I am working with a Variational Autoencoder Type model and part of my loss function is the KL divergence between a Normal Distribution with mean 0 and variance 1 and another Normal Distribution whose mean and variance are predicted by my model.
I defined the loss in the following way:
def kl_loss(mean, log_sigma):
normal=tf.contrib.distributions.MultivariateNormalDiag(tf.zeros(mean.get_shape()),
tf.ones(log_sigma.get_shape()))
enc_normal = tf.contrib.distributions.MultivariateNormalDiag(mean,
tf.exp(log_sigma),
validate_args=True,
allow_nan_stats=False,
name="encoder_normal")
kl_div = tf.contrib.distributions.kl_divergence(normal,
enc_normal,
allow_nan_stats=False,
name="kl_divergence")
return kl_div
The input are unconstrained vectors of length N with
log_sigma.get_shape() == mean.get_shape()

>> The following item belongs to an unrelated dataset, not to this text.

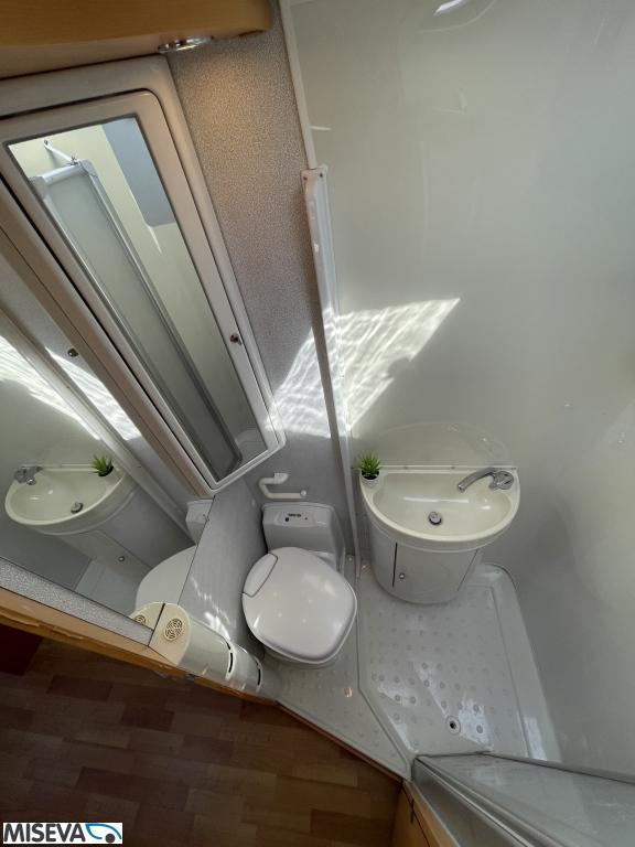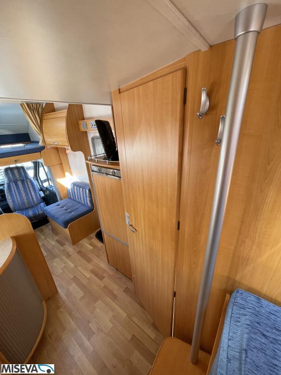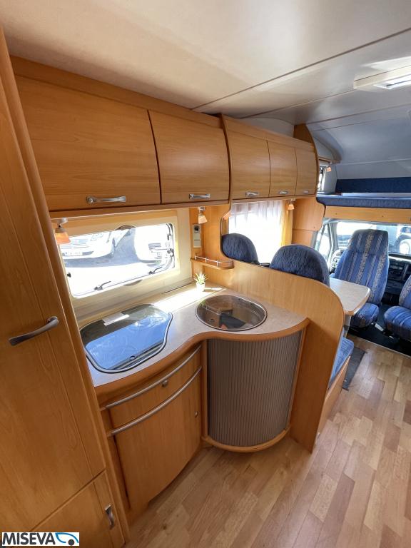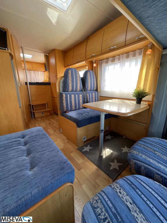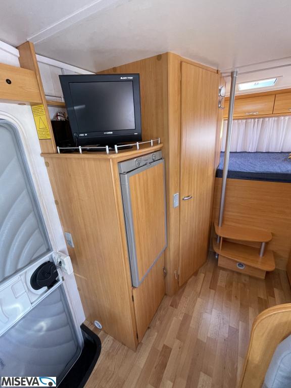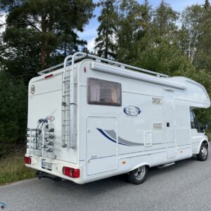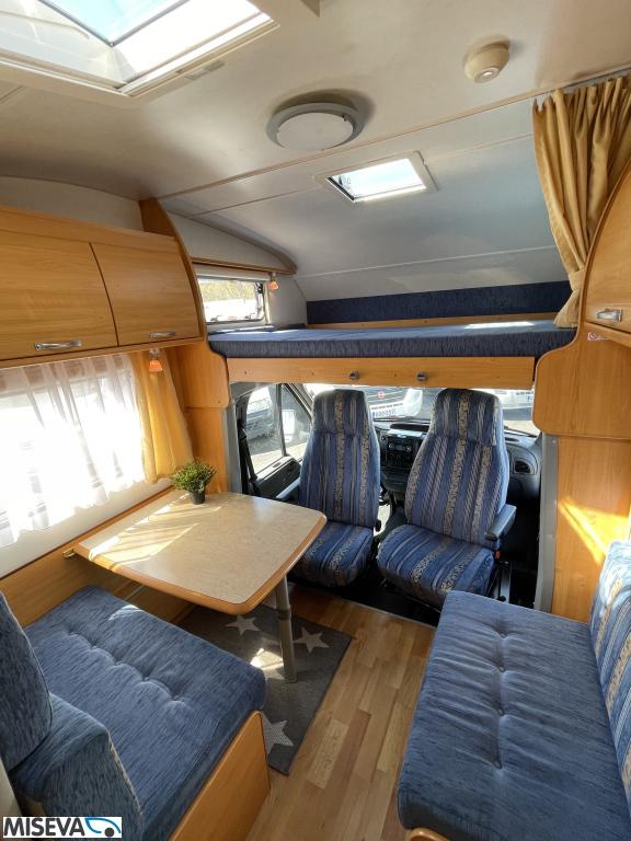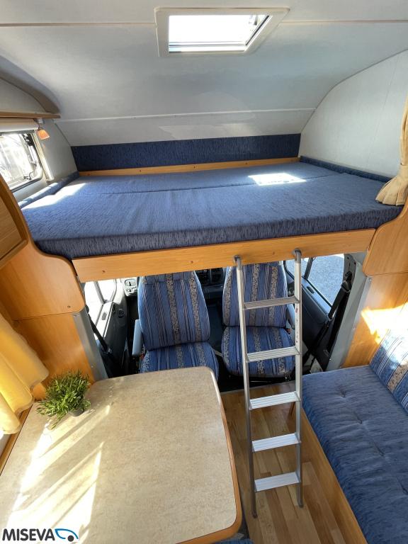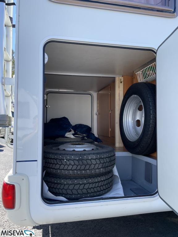 ABS brakes, Airbag, Fridge, Two tyre sets, Cassette WC, Kattokaiteet/tikaat, Roof hatch, Central heating, Stove, Hot water boiler, Sun shade, Power steering, Freezer compartment, Double bed, Sink, Bicycle rack, Electric windows, Power side mirrors, Trumatic, Towing hook, CD-Radio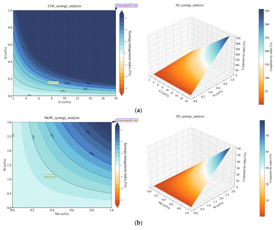 In addition, the machine learning analysis results of Cr-Si, Mo-W, N-Mn, Si-V, and Cr-Si are shown in Table 6, where an interaction strength of >0 is synergistic and <0 is antagonistic; the sum of the element contribution values = 100%.

Now during training I observe a negative KL divergence after a few thousand iterations up to values of -10. Below you can see the Tensorboard training curves:
KL divergence curve
Zoom in of KL divergence curve
Now this seems odd to me as the KL divergence should be positive under certain conditions. I understand that we require "The K-L divergence is only defined if P and Q both sum to 1 and if Q(i) > 0 for any i such that P(i) > 0." (see https://mathoverflow.net/questions/43849/how-to-ensure-the-non-negativity-of-kullback-leibler-divergence-kld-metric-rela) but I don't see how this could be violated in my case. Any help is highly appreciated!
Wikipedia - KL properties says that KL can never be negative.
So, KL divergence in simple term is a measure of how two probability distributions (say 'p' and 'q') are different from each other. So this is exactly what we care about while calculating the loss function.
The KL divergence tells us how well the probability distribution Q approximates the probability distribution P by calculating the cross-entropy minus the entropy. Intuitively, you can think of that as the statistical measure of how one distribution differs from another.
Faced the same problem. It happened because of float precision used. If you notice the negative values occur close to 0 and is bounded to a small negative value. Adding a small positive value to the loss is a work around.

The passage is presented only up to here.